### Supplied data
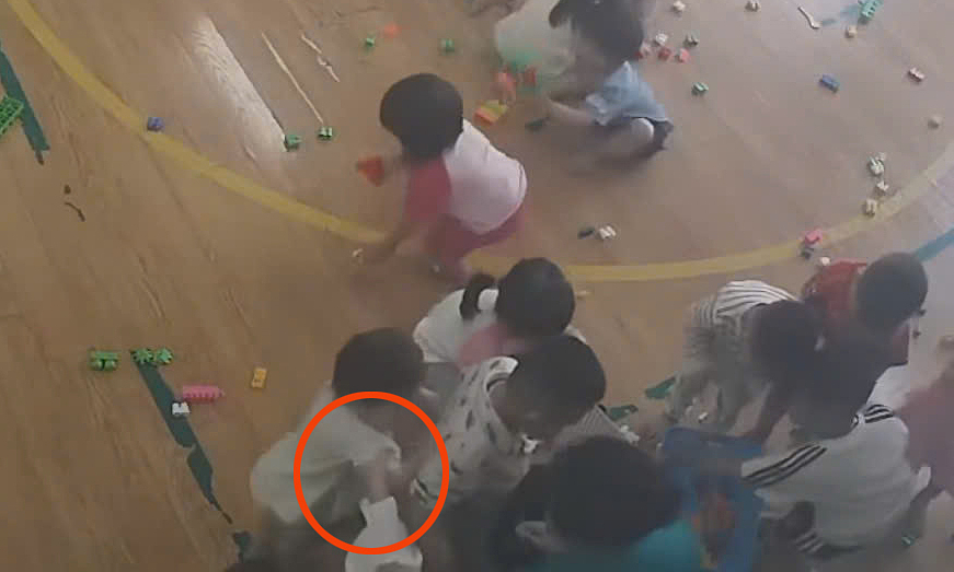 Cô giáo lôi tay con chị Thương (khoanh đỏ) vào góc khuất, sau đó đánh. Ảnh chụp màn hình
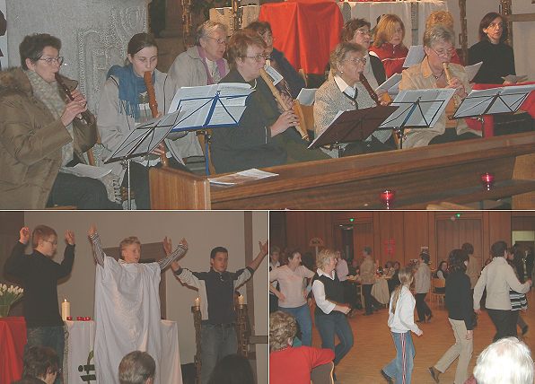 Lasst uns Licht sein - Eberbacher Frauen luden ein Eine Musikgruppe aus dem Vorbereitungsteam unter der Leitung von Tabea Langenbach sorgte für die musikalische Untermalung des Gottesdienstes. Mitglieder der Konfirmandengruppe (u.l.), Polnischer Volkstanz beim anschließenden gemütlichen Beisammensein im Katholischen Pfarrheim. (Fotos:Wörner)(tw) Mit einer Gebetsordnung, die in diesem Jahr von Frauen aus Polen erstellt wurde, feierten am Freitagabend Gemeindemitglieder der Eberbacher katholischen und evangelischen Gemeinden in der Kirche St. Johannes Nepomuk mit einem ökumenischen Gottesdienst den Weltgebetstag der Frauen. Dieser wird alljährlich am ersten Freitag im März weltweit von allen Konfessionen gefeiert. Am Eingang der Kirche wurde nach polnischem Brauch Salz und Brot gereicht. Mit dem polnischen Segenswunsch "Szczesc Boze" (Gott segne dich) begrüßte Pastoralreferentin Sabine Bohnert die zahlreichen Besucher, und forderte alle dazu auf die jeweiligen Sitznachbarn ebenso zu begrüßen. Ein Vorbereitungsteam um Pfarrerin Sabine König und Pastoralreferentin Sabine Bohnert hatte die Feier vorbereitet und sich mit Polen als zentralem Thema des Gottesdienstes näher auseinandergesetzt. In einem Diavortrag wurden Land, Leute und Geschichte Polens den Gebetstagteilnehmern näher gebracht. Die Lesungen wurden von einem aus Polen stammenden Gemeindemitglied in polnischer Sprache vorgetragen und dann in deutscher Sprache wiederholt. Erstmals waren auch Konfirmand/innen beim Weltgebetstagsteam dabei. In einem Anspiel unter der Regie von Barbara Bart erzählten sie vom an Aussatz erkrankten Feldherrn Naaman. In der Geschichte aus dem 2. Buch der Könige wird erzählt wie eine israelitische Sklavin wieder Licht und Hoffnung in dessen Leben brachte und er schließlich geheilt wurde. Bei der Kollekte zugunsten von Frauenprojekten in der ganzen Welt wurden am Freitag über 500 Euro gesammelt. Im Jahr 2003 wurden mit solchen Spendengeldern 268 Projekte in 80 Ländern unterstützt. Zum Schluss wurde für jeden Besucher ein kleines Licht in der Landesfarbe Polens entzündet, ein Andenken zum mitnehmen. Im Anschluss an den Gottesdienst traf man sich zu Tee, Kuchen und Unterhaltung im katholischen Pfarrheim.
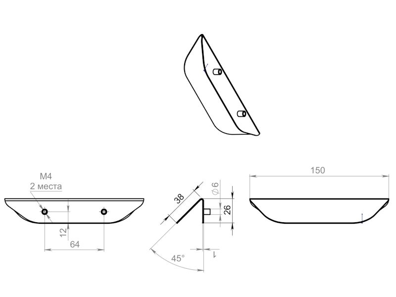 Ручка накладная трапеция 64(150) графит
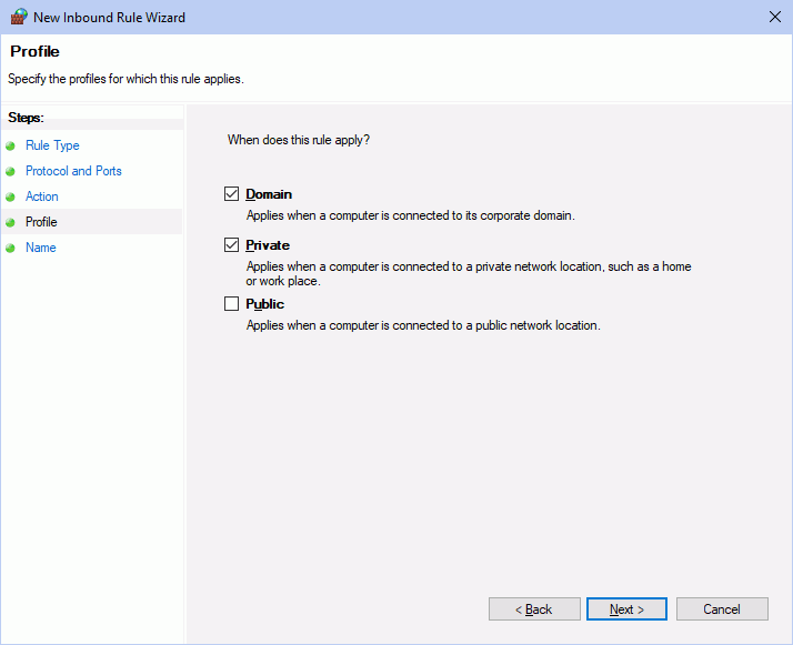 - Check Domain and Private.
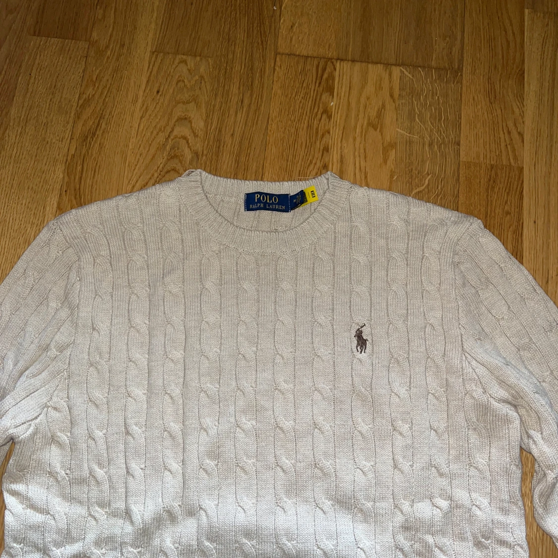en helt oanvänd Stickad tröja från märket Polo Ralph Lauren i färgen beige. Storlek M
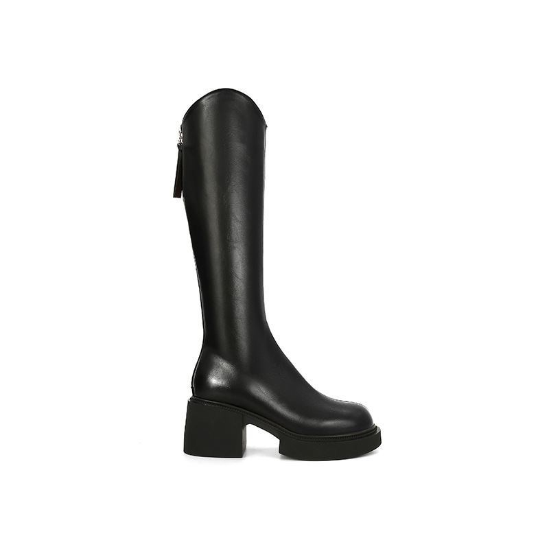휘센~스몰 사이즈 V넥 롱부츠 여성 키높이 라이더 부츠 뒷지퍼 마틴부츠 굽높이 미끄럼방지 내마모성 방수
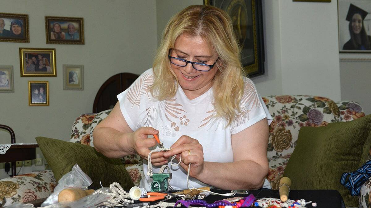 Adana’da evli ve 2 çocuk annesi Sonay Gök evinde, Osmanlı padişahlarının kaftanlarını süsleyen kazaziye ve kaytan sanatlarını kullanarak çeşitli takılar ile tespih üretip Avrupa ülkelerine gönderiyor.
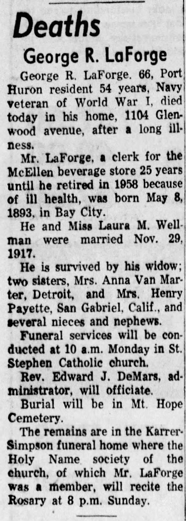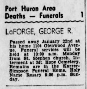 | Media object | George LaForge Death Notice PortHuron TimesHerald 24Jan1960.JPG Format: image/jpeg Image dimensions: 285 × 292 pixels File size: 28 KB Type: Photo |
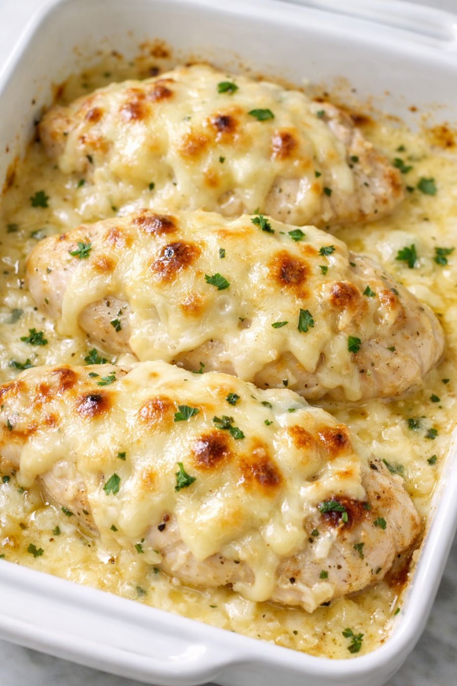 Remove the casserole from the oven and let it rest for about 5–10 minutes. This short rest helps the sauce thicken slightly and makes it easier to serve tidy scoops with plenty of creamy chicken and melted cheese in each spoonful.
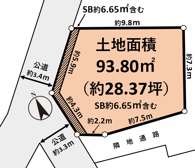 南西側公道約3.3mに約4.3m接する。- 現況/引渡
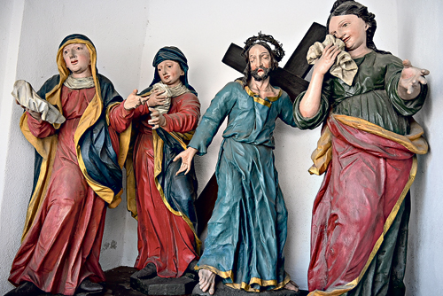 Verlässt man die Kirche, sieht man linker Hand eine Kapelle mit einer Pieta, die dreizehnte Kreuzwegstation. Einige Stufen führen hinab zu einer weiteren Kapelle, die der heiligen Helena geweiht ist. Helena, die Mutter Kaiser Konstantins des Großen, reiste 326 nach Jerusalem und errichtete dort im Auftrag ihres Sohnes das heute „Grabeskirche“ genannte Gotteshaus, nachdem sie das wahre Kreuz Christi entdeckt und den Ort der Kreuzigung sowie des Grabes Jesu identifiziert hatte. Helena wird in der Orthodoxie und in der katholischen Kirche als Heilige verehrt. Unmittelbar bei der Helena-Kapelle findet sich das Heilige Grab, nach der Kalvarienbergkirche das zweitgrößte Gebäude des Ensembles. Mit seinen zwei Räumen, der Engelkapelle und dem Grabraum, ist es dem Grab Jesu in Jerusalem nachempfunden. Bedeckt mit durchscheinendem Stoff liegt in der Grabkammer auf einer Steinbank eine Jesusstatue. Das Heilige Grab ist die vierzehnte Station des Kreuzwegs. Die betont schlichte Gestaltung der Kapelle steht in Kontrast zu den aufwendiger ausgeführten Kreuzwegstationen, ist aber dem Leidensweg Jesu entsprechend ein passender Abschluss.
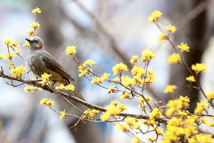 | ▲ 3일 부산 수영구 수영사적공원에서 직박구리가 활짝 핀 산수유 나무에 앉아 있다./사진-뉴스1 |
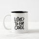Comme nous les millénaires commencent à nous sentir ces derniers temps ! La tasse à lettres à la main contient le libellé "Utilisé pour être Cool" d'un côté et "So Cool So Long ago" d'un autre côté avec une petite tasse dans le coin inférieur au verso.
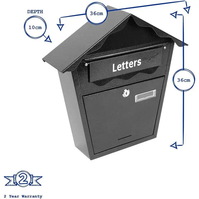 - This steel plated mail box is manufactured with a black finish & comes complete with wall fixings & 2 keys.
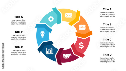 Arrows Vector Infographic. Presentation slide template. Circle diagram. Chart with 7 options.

### Work task
In your answer, repeat the material above in full, exactly, and without its pictures.

### Solution
 Cô giáo lôi tay con chị Thương (khoanh đỏ) vào góc khuất, sau đó đánh. Ảnh chụp màn hình
 Lasst uns Licht sein - Eberbacher Frauen luden ein Eine Musikgruppe aus dem Vorbereitungsteam unter der Leitung von Tabea Langenbach sorgte für die musikalische Untermalung des Gottesdienstes. Mitglieder der Konfirmandengruppe (u.l.), Polnischer Volkstanz beim anschließenden gemütlichen Beisammensein im Katholischen Pfarrheim. (Fotos:Wörner)(tw) Mit einer Gebetsordnung, die in diesem Jahr von Frauen aus Polen erstellt wurde, feierten am Freitagabend Gemeindemitglieder der Eberbacher katholischen und evangelischen Gemeinden in der Kirche St. Johannes Nepomuk mit einem ökumenischen Gottesdienst den Weltgebetstag der Frauen. Dieser wird alljährlich am ersten Freitag im März weltweit von allen Konfessionen gefeiert. Am Eingang der Kirche wurde nach polnischem Brauch Salz und Brot gereicht. Mit dem polnischen Segenswunsch "Szczesc Boze" (Gott segne dich) begrüßte Pastoralreferentin Sabine Bohnert die zahlreichen Besucher, und forderte alle dazu auf die jeweiligen Sitznachbarn ebenso zu begrüßen. Ein Vorbereitungsteam um Pfarrerin Sabine König und Pastoralreferentin Sabine Bohnert hatte die Feier vorbereitet und sich mit Polen als zentralem Thema des Gottesdienstes näher auseinandergesetzt. In einem Diavortrag wurden Land, Leute und Geschichte Polens den Gebetstagteilnehmern näher gebracht. Die Lesungen wurden von einem aus Polen stammenden Gemeindemitglied in polnischer Sprache vorgetragen und dann in deutscher Sprache wiederholt. Erstmals waren auch Konfirmand/innen beim Weltgebetstagsteam dabei. In einem Anspiel unter der Regie von Barbara Bart erzählten sie vom an Aussatz erkrankten Feldherrn Naaman. In der Geschichte aus dem 2. Buch der Könige wird erzählt wie eine israelitische Sklavin wieder Licht und Hoffnung in dessen Leben brachte und er schließlich geheilt wurde. Bei der Kollekte zugunsten von Frauenprojekten in der ganzen Welt wurden am Freitag über 500 Euro gesammelt. Im Jahr 2003 wurden mit solchen Spendengeldern 268 Projekte in 80 Ländern unterstützt. Zum Schluss wurde für jeden Besucher ein kleines Licht in der Landesfarbe Polens entzündet, ein Andenken zum mitnehmen. Im Anschluss an den Gottesdienst traf man sich zu Tee, Kuchen und Unterhaltung im katholischen Pfarrheim.
 Ручка накладная трапеция 64(150) графит
 - Check Domain and Private.
en helt oanvänd Stickad tröja från märket Polo Ralph Lauren i färgen beige. Storlek M
휘센~스몰 사이즈 V넥 롱부츠 여성 키높이 라이더 부츠 뒷지퍼 마틴부츠 굽높이 미끄럼방지 내마모성 방수
 Adana’da evli ve 2 çocuk annesi Sonay Gök evinde, Osmanlı padişahlarının kaftanlarını süsleyen kazaziye ve kaytan sanatlarını kullanarak çeşitli takılar ile tespih üretip Avrupa ülkelerine gönderiyor.
 | Media object | George LaForge Death Notice PortHuron TimesHerald 24Jan1960.JPG Format: image/jpeg Image dimensions: 285 × 292 pixels File size: 28 KB Type: Photo |
 Remove the casserole from the oven and let it rest for about 5–10 minutes. This short rest helps the sauce thicken slightly and makes it easier to serve tidy scoops with plenty of creamy chicken and melted cheese in each spoonful.
 南西側公道約3.3mに約4.3m接する。- 現況/引渡
 Verlässt man die Kirche, sieht man linker Hand eine Kapelle mit einer Pieta, die dreizehnte Kreuzwegstation. Einige Stufen führen hinab zu einer weiteren Kapelle, die der heiligen Helena geweiht ist. Helena, die Mutter Kaiser Konstantins des Großen, reiste 326 nach Jerusalem und errichtete dort im Auftrag ihres Sohnes das heute „Grabeskirche“ genannte Gotteshaus, nachdem sie das wahre Kreuz Christi entdeckt und den Ort der Kreuzigung sowie des Grabes Jesu identifiziert hatte. Helena wird in der Orthodoxie und in der katholischen Kirche als Heilige verehrt. Unmittelbar bei der Helena-Kapelle findet sich das Heilige Grab, nach der Kalvarienbergkirche das zweitgrößte Gebäude des Ensembles. Mit seinen zwei Räumen, der Engelkapelle und dem Grabraum, ist es dem Grab Jesu in Jerusalem nachempfunden. Bedeckt mit durchscheinendem Stoff liegt in der Grabkammer auf einer Steinbank eine Jesusstatue. Das Heilige Grab ist die vierzehnte Station des Kreuzwegs. Die betont schlichte Gestaltung der Kapelle steht in Kontrast zu den aufwendiger ausgeführten Kreuzwegstationen, ist aber dem Leidensweg Jesu entsprechend ein passender Abschluss.
 | ▲ 3일 부산 수영구 수영사적공원에서 직박구리가 활짝 핀 산수유 나무에 앉아 있다./사진-뉴스1 |
Comme nous les millénaires commencent à nous sentir ces derniers temps ! La tasse à lettres à la main contient le libellé "Utilisé pour être Cool" d'un côté et "So Cool So Long ago" d'un autre côté avec une petite tasse dans le coin inférieur au verso.
 - This steel plated mail box is manufactured with a black finish & comes complete with wall fixings & 2 keys.
 Arrows Vector Infographic. Presentation slide template. Circle diagram. Chart with 7 options.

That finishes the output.